Second, to overcome data scarcity in training deep learning models, I assembled MycorrhiSEE, a 15 TB collection of ~137,500 whole-slide images (WSIs) from 5,500 sorghum plants spanning 337 genotypes and diverse field treatments. A spline-guided tiling algorithm transformed gigapixel WSIs into uniform patches. Eight bootstrap evaluations confirmed consistent spline interpolation across expert-rated image quality classes.
Third, building on MycorrhiSEE, an integrated pipeline was developed featuring (i) an enhanced spline-guided tiling algorithm with quantitative tiling quality metrics, and a two-step CNN-based classification that (ii) first removes background tiles with 99.7 % accuracy and then (iii) distinguishes AMF colonized from non-colonized image tiles.

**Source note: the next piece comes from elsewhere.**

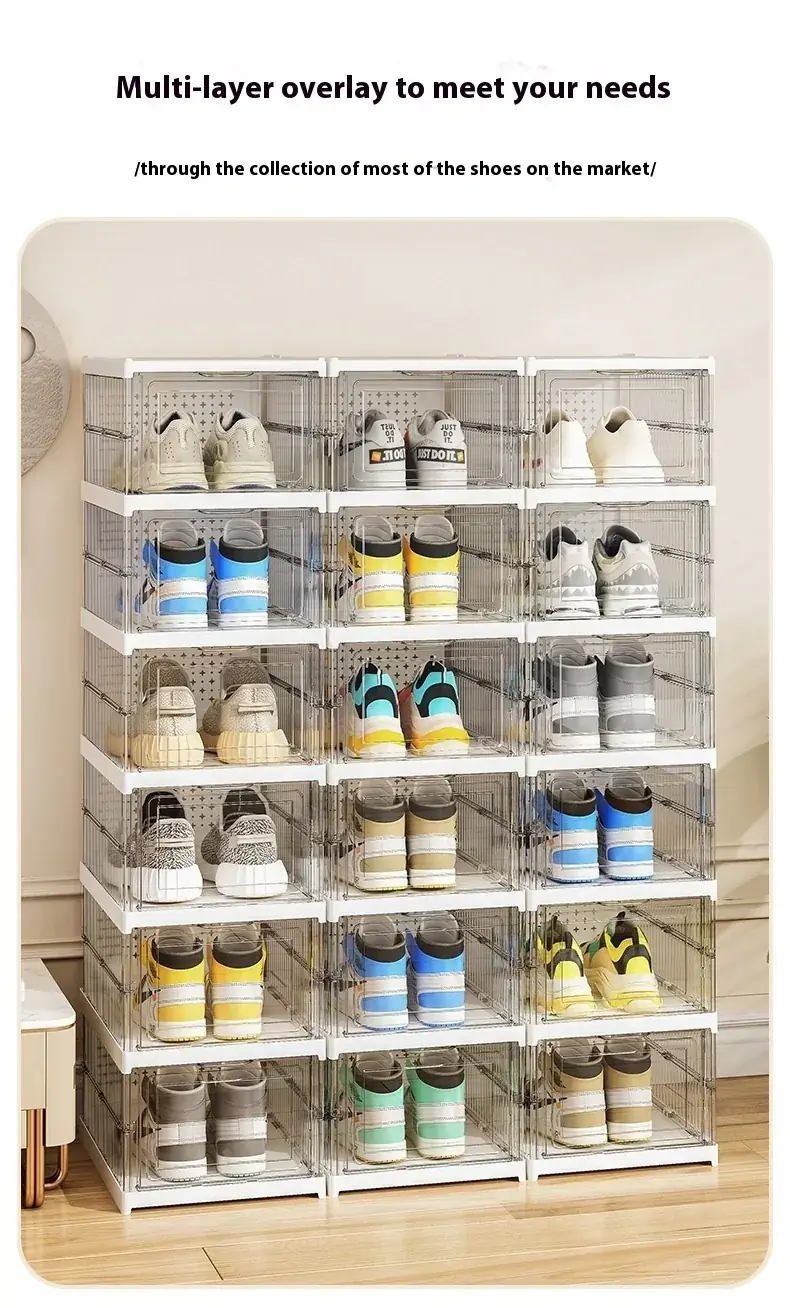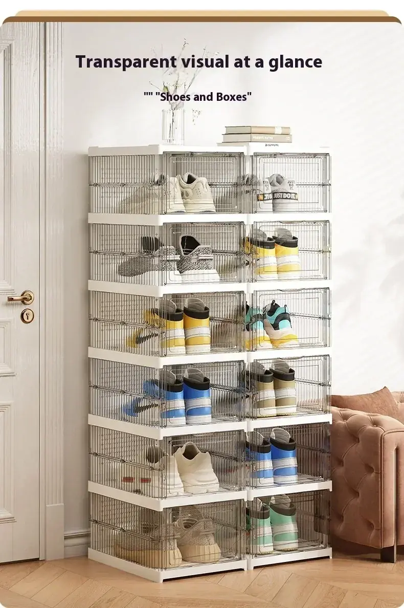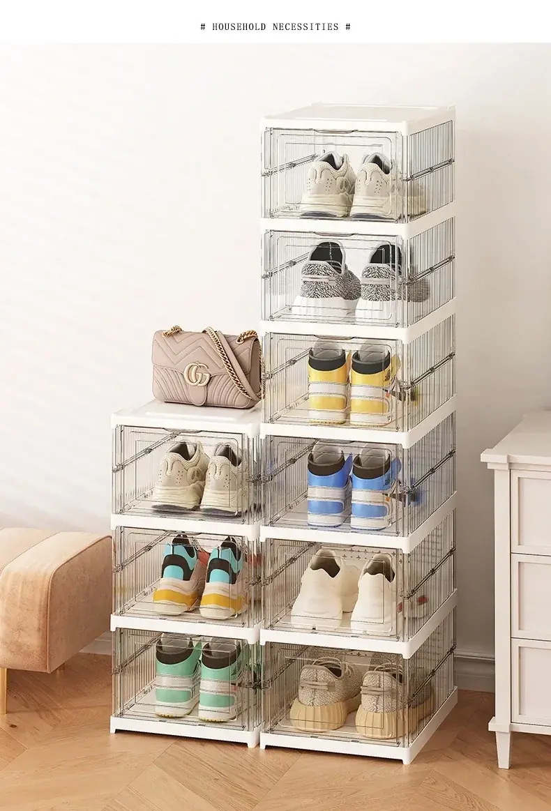 صندوق تخزين الأحذية الشفاف القابل للطي – منظم قابل للتكديس للأحذية

A wide selection of ImageNet-pretrained architectures was benchmarked to identify the optimal classifiers. DenseNet and ResNet50-based classification classifier achieved >98% accuracy and superior generalization on both MycorrhiSEE and the external AMFinder dataset.
Collectively, these contributions—from computer vision modeling to large-scale dataset curation and pipeline optimization—provide a practical framework for rapid, unbiased AMF phenotyping. The resulting tools enable scalable integration of imaging, genomic, and environmental data, advancing precision agriculture and ecological research on AMF to improve sorghum performance under diverse field conditions.